#### Work to be completed:
Word for word, please restate the line that contains "近日,中国分析测试协会公布了" and all lines after it through the end of the material, minus the pictures.

#### Information provided:
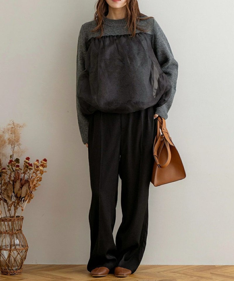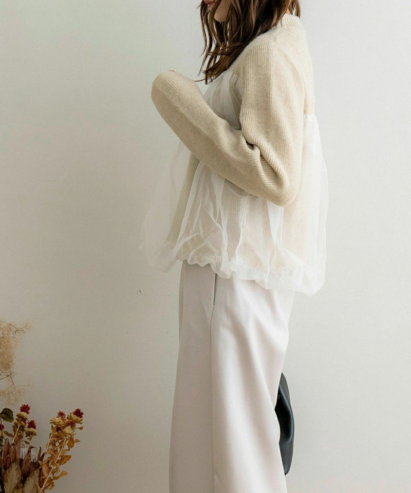 シアーバルーンレイヤードニット
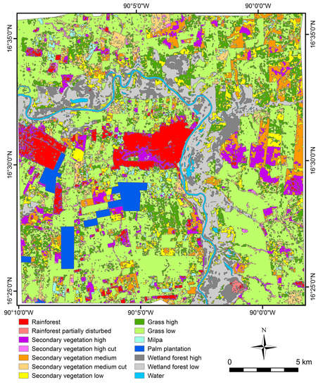 After each step of classification, we merged classified areas and removed isolated small segments with eCognition’s minimum mapping unit function, using the following pixel sizes: 21 for water, 300 for rainforest and 201 for the rest, 500 for wetland forests, 90 for high secondary vegetation, 300 for medium secondary vegetation, 63 for milpas and 50 for the rest of low vegetation areas, and 100 for low secondary vegetation, high grass, and low grass. In addition, after the classification of water, we smoothed its edges with a scale value of 2. After all the classifications, we also smoothed the edges of classified areas, except water and palm plantations, with a scale value of 30. In the final step, we exported shape files for all vegetation categories from eCognition, which were then used for calculating the statistics of LiDAR data and of ground-truthing results by vegetation types with the zonal statistics and spatial join tools of ArcMap.
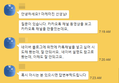 저희 단체카톡방에서 네이버 블로그에 카카오톡 채널 위젯 다는 방법에 대해 질문을 주신 분이 계세요.
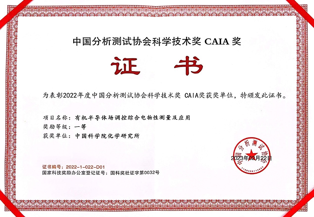 近日,中国分析测试协会公布了2022年度“中国分析测试协会科学技术奖(CAIA奖)获奖名单,化学所完成的研究成果“有机半导体场调控综合电物性测量及应用”(完成人:狄重安、邹业、张凤娇、臧亚萍、刘力瑶、贺紫晗、朱道本)荣获一等奖。
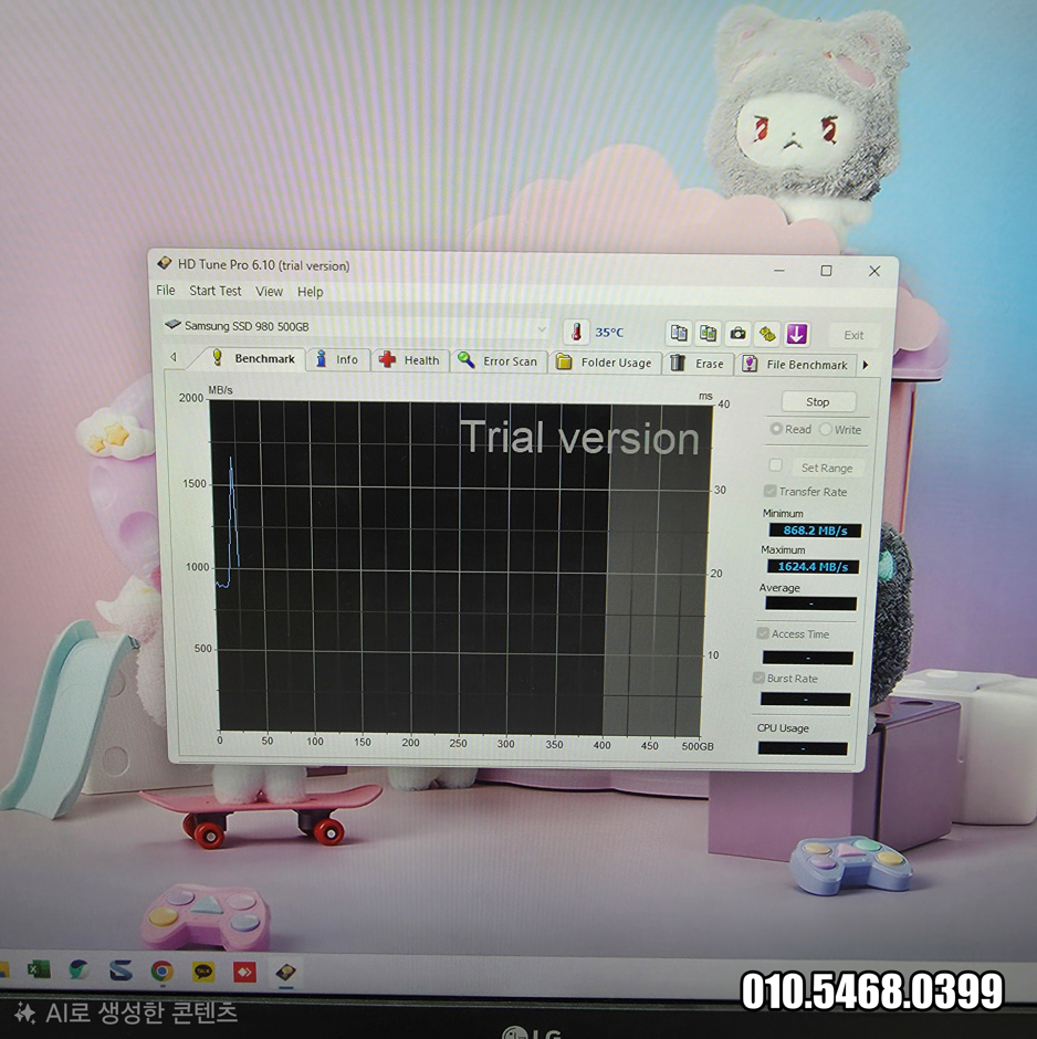 증상만 확인하고 기본 점검부터 진행하기로 했습니다. 내 PC에 진입해 C드라이브 용량을 확인했더니 여유롭게 남아 있었습니다. AMD Ryzen 5 4600G CPU 구성이면 사양이 충분하죠? 부족함은 없었고 드라이버 충돌도 없었습니다. HD Tune Pro를 실행해 Samsung SSD 980 500GB도 테스트했지만 고장 증상은 보이지 않았습니다. 이대로 진행해도 될 것 같습니다.

#### Task solution:
 近日,中国分析测试协会公布了2022年度“中国分析测试协会科学技术奖(CAIA奖)获奖名单,化学所完成的研究成果“有机半导体场调控综合电物性测量及应用”(完成人:狄重安、邹业、张凤娇、臧亚萍、刘力瑶、贺紫晗、朱道本)荣获一等奖。
 증상만 확인하고 기본 점검부터 진행하기로 했습니다. 내 PC에 진입해 C드라이브 용량을 확인했더니 여유롭게 남아 있었습니다. AMD Ryzen 5 4600G CPU 구성이면 사양이 충분하죠? 부족함은 없었고 드라이버 충돌도 없었습니다. HD Tune Pro를 실행해 Samsung SSD 980 500GB도 테스트했지만 고장 증상은 보이지 않았습니다. 이대로 진행해도 될 것 같습니다.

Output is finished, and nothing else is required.